Start out by SEALing the game. The Situation is doctoral candidates defending their theses. The Entities are A, B, C, D, E, F, G, H, and I. The Action is distribution, as we have nine candidates defending on three days, and our task is to figure out who is defending when. Limitations? 3 candidates per day.

Our sketch is pretty simple: 3 days, 3 per slots per day.

M: _ _ _ T: _ _ _ W: _ _ _

Go on to the rules.

The first rule states that B defends his thesis on Tuesday. That is concrete, and can be built directly into the sketch, giving us:

M: _ _ _ T: B _ _ W: _ _ _

The second and third rules are similar in that they dictate two pairs that must always defend their theses on the same day. This is essential. It means that wherever you place A, you must place E as well, and that wherever you C goes, F must follow. You can abbreviate these rules as ALWAYS AE, and ALWAYS CF.

The same principle applies to rules 4, 5, and 6. They tell us about entities that can NEVER be placed together. As such, whenever, you deal with G, always remember that H cannot be placed on the same day, and vice versa. The same goes for B and I and for C and I. You can put these rules in shorthand as NEVER GH, NEVER BI, and NEVER CI, respectively.
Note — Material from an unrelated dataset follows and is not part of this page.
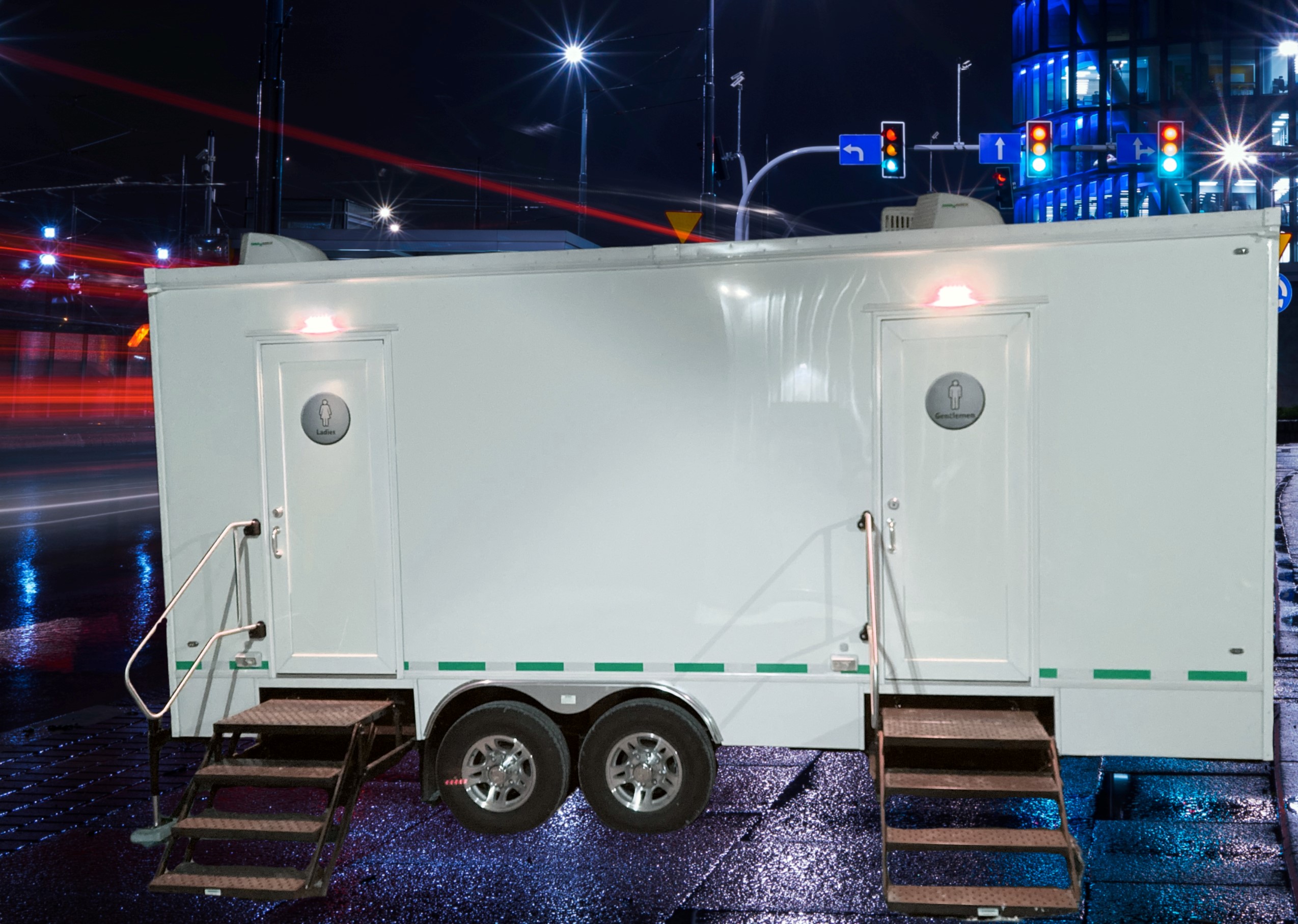 Our two-station mobile restroom trailers have separate entrances for men and women. These upscale portable restroom trailers have sinks with running water, interior and exterior lighting, a full-size mirror, and a premium sound system. They are climate-controlled in order to keep you warm in the winter and cool in the summer. This size is perfect for small weddings, VIP areas, family reunions, or corporate events.

It does not seem like we have a whole lot of concrete information to work with - only one concrete rule that could be built into the sketch and no if-then rules to contrapose. But there are still a couple of really important things that we can deduce.

We know that A and E must be together, and that C and F must be together. So can A and C ever be together? No. A and C both carry along baggage (E and F, respectively), and there are only three slots per day, so A and C can never defend their theses on the same day. By the same token, A and F, E and C, and E and F are also all unacceptable.

Also, we know from the rules that C and I cannot be together. We also know that C must always be with F. Therefore, F and I can also never be together.

Update our never list - the list of pairs that can never be together:

NEVER:

G and H
B and I
C and I
F and I
A and C
A and F
E and C
E and F

Several questions hinge on these essential deductions, so if you were able to deduce them before getting into the questions that should have been a huge help. If not, you could still have gotten to the same conclusions indirectly through trial and error.

This question presents us with a hypothetical. If F defends on Monday, which is a complete and accurate list of the days on which I could defend. Once again, our never list will save us a lot of work here. We have the following sketch:

M: F _ _ T: B _ _ W: _ _ _

We know that I defend her thesis on Tuesday, because, according to rule 5, B and I cannot defend on the same day. Our never list also tells us that F and I cannot defend their theses on the same day because rule 6 told us that C and I cannot defend their theses on the same day, and C and F must be together. That only leaves us with Wednesday, which is choice (C).